🤖 AI Summary
This work addresses the challenge of format and semantic errors produced by small language models when translating natural language into first-order logic (FOL), which undermines the reliability of symbolic reasoning. To mitigate this, the authors propose a staged incremental reasoning framework: first, a large language model synthesizes training data to supervise fine-tuning of the small model; then, the translation process is decoupled into predicate generation and FOL formulation stages. An external verification module is introduced to detect and correct predicate arity errors, thereby enhancing translation accuracy. Evaluated on four logical reasoning benchmarks, the approach significantly reduces error rates, improves predicate coverage, and boosts overall reasoning performance, bringing small models closer to reliable, verifiable symbolic reasoning systems.
📝 Abstract
The use of formal language for deductive logical reasoning aligns well with language models (LMs), where translating natural language (NL) into first-order logic (FOL) and employing an external solver results in a verifiable and therefore reliable reasoning system.
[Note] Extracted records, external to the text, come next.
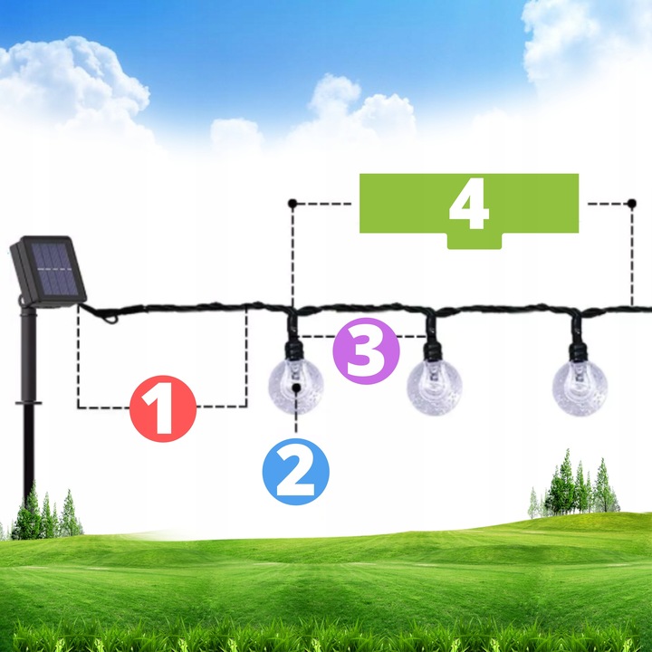 СОЛНЕЧНЫЕ САДОВЫЕ СВЕТОДИОДНЫЕ ЛАМПЫ 50 ЛАМПОК 7м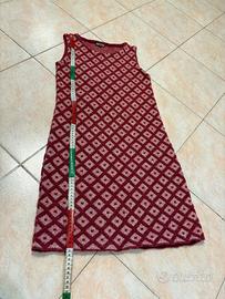 Abito rosso rosa smanicato, in tessuto ricamato con fantasia geometrica a rombi, MALIPARMI, abito invernale, taglia XS, le misure in cm sono riportate in foto. Condizioni ottime.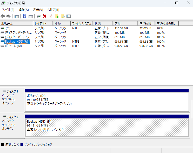 - 「ディスクの管理」画面で、外付けHDDを探します。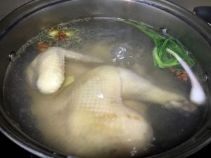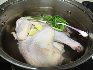 鸡肉洗净,汤锅接满清水至没过鸡肉,放入姜片、葱结和花椒,开大火烧开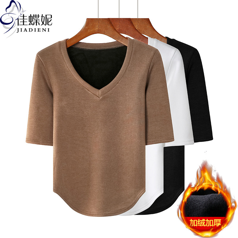 秋冬新款韩版V领修身加绒加厚保暖纯色中袖体恤上衣女内搭打底衫
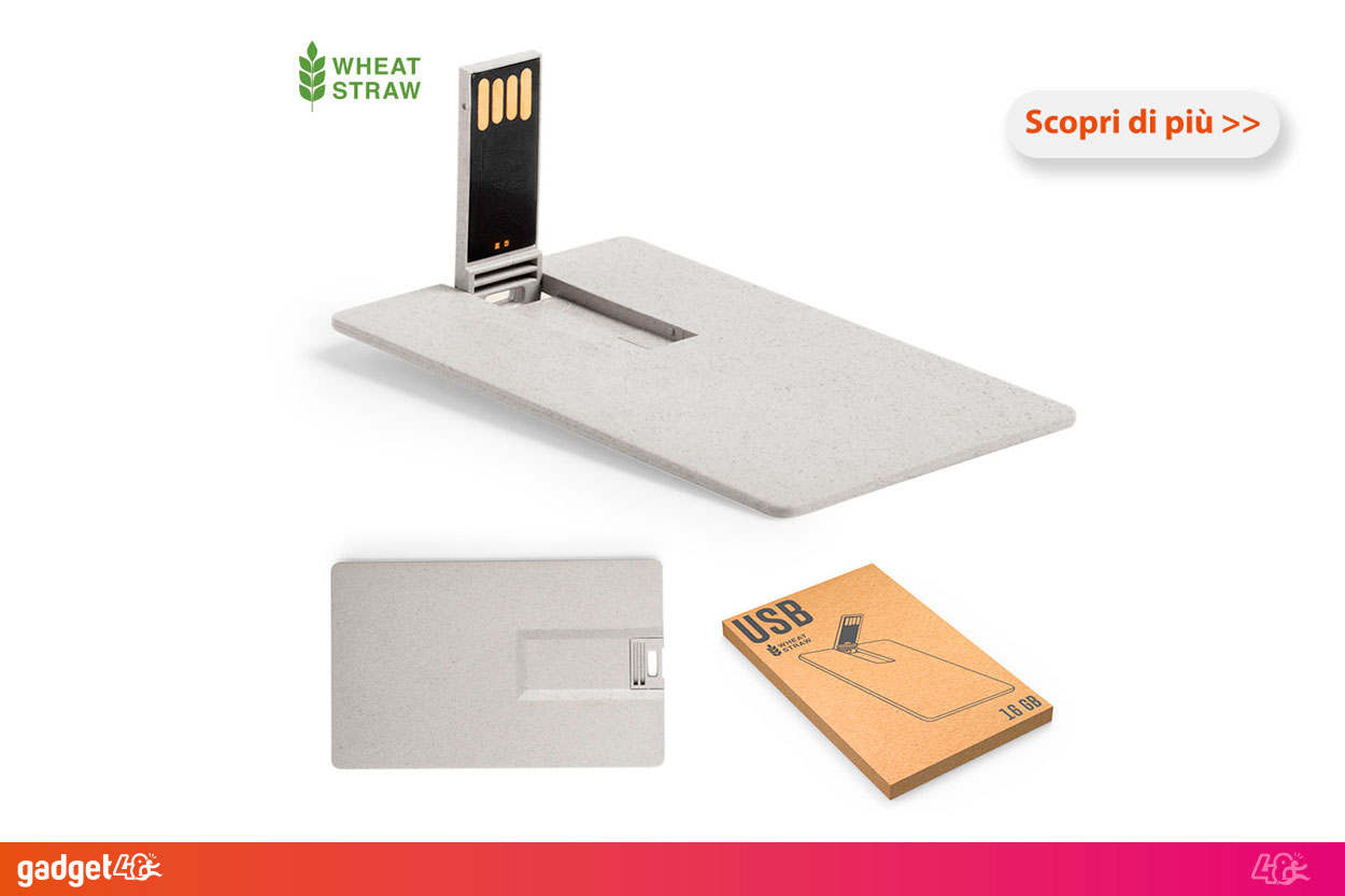 Se vuoi colpire i tuoi potenziali clienti con un gadget personalizzato originale, green, pratico e funzionale, potrai stampare il tuo logo aziendale sulle nostre chiavette usb in fibra di grano ecologiche a forma di tessera, da poter posizionare comodamente nel portafogli; la superficie di stampa ampia e la particolarità della forma attireranno l'attenzione sul tuo brand aziendale ottimizzando la tua strategia di marketing.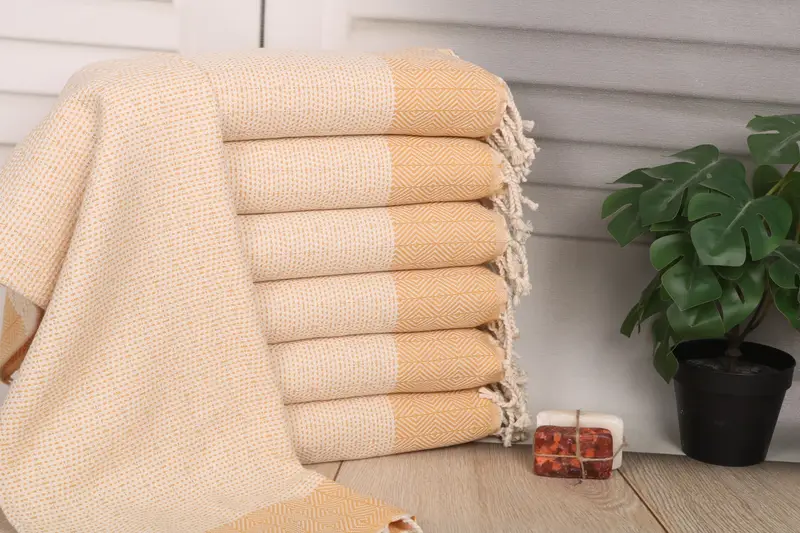 Characterized by a 36x18 inches or 45x90 cm dimension, the Diamond Hand Towel is crafted from organic Turkish cotton or natural linen. Resulting in a weight of 122 grams, this towel is renowned for its high absorbency and durability, ensuring long-lasting use and superior performance. Pre-shrunk and ready for immediate use, the towel offers a tolerance of 1-2.5 cm in hand-weaving.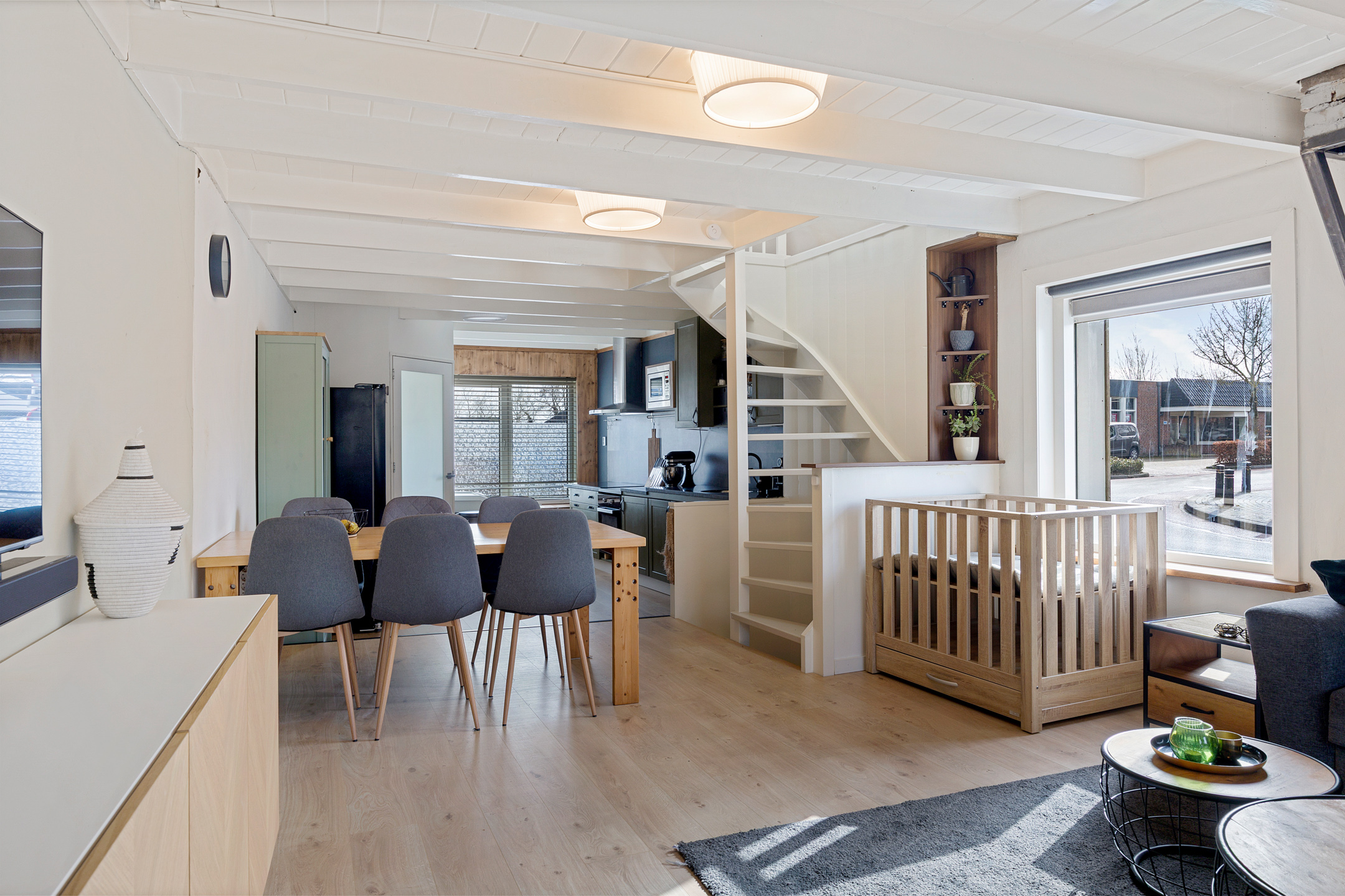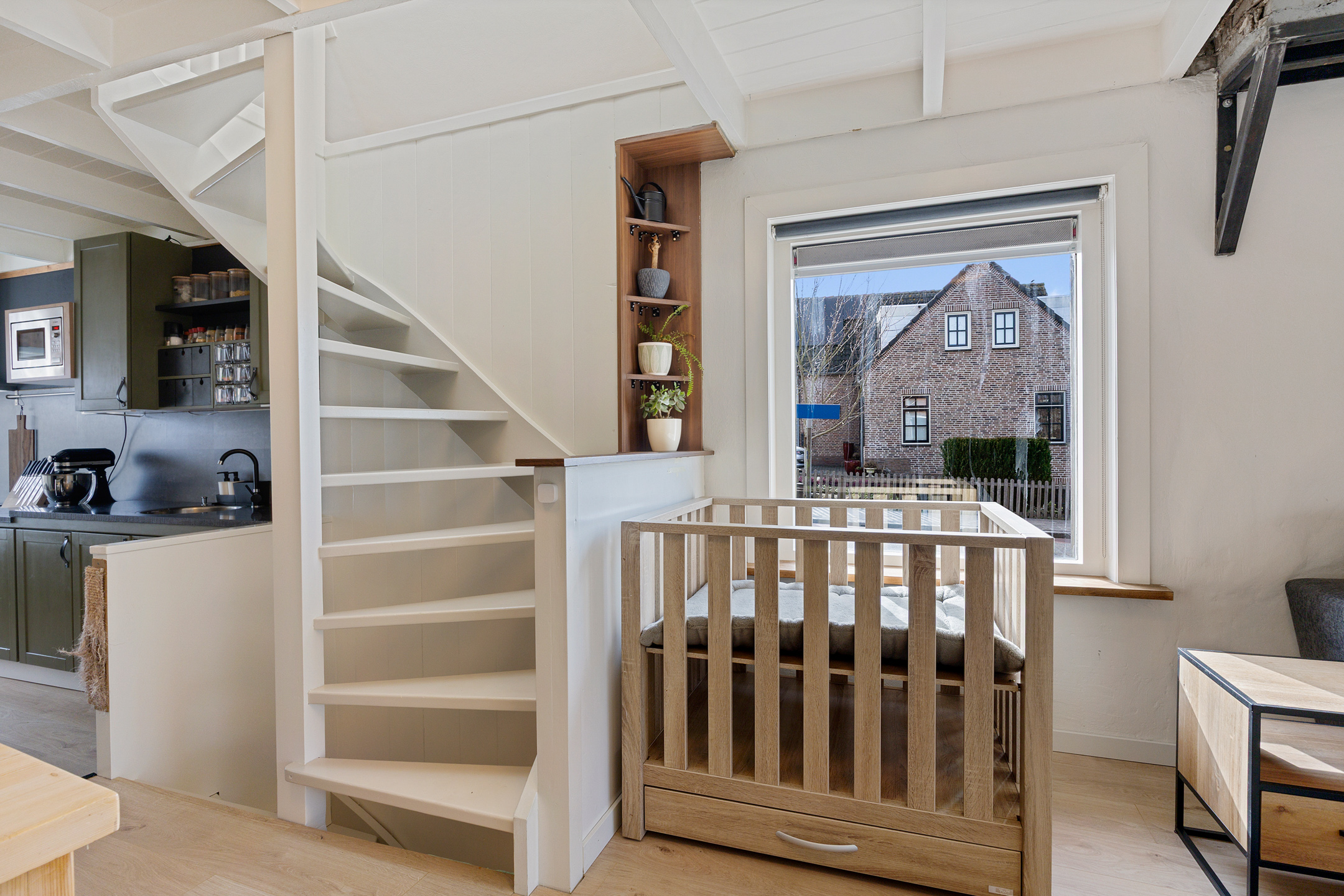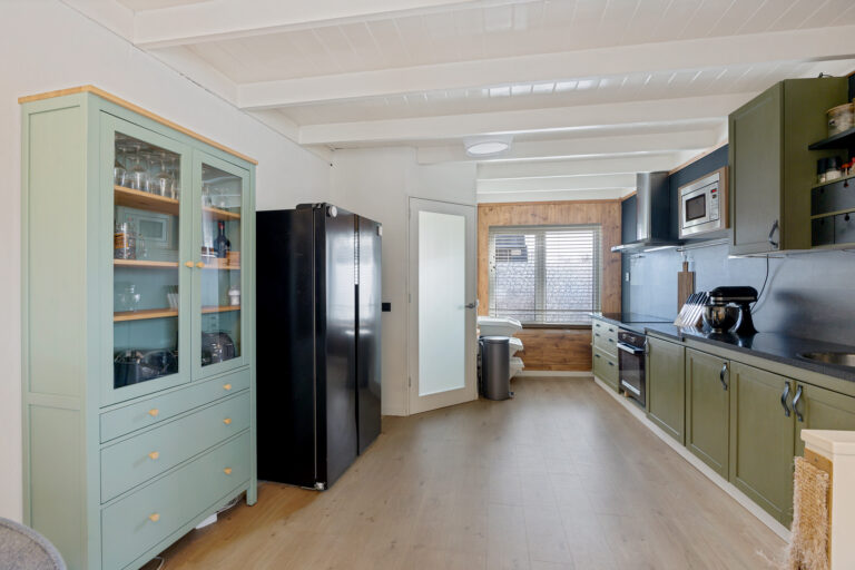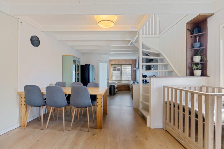 Je komt binnen op de gezellige woonverdieping. Aan de voorzijde bevindt zich de open keuken en aan de achterzijde de sfeervolle woonkamer. Het balkenplafond en de ramen aan de voor-, zij- en achterzijde zorgen voor een warme uitstraling en veel natuurlijk licht. Vanuit de woonkamer heb je toegang tot het dakterras aan de achterzijde.

However, smaller LMs often struggle with this translation task, frequently producing incorrect symbolic outputs due to formatting and translation errors. Existing approaches typically rely on self-iteration to correct these errors, but such methods depend heavily on the capabilities of the underlying model. To address this, we first categorize common errors and fine-tune smaller LMs using data synthesized by large language models. The evaluation is performed using the defined error categories. We introduce incremental inference, which divides inference into two stages, predicate generation and FOL translation, providing greater control over model behavior and enhancing generation quality as measured by predicate metrics. This decomposition framework also enables the use of a verification module that targets predicate-arity errors to further improve performance. Our study evaluates three families of models across four logical-reasoning datasets. The comprehensive fine-tuning, incremental inference, and verification modules reduce error rates, increase predicate coverage, and improve reasoning performance for smaller LMs, moving us closer to developing reliable and accessible symbolic-reasoning systems.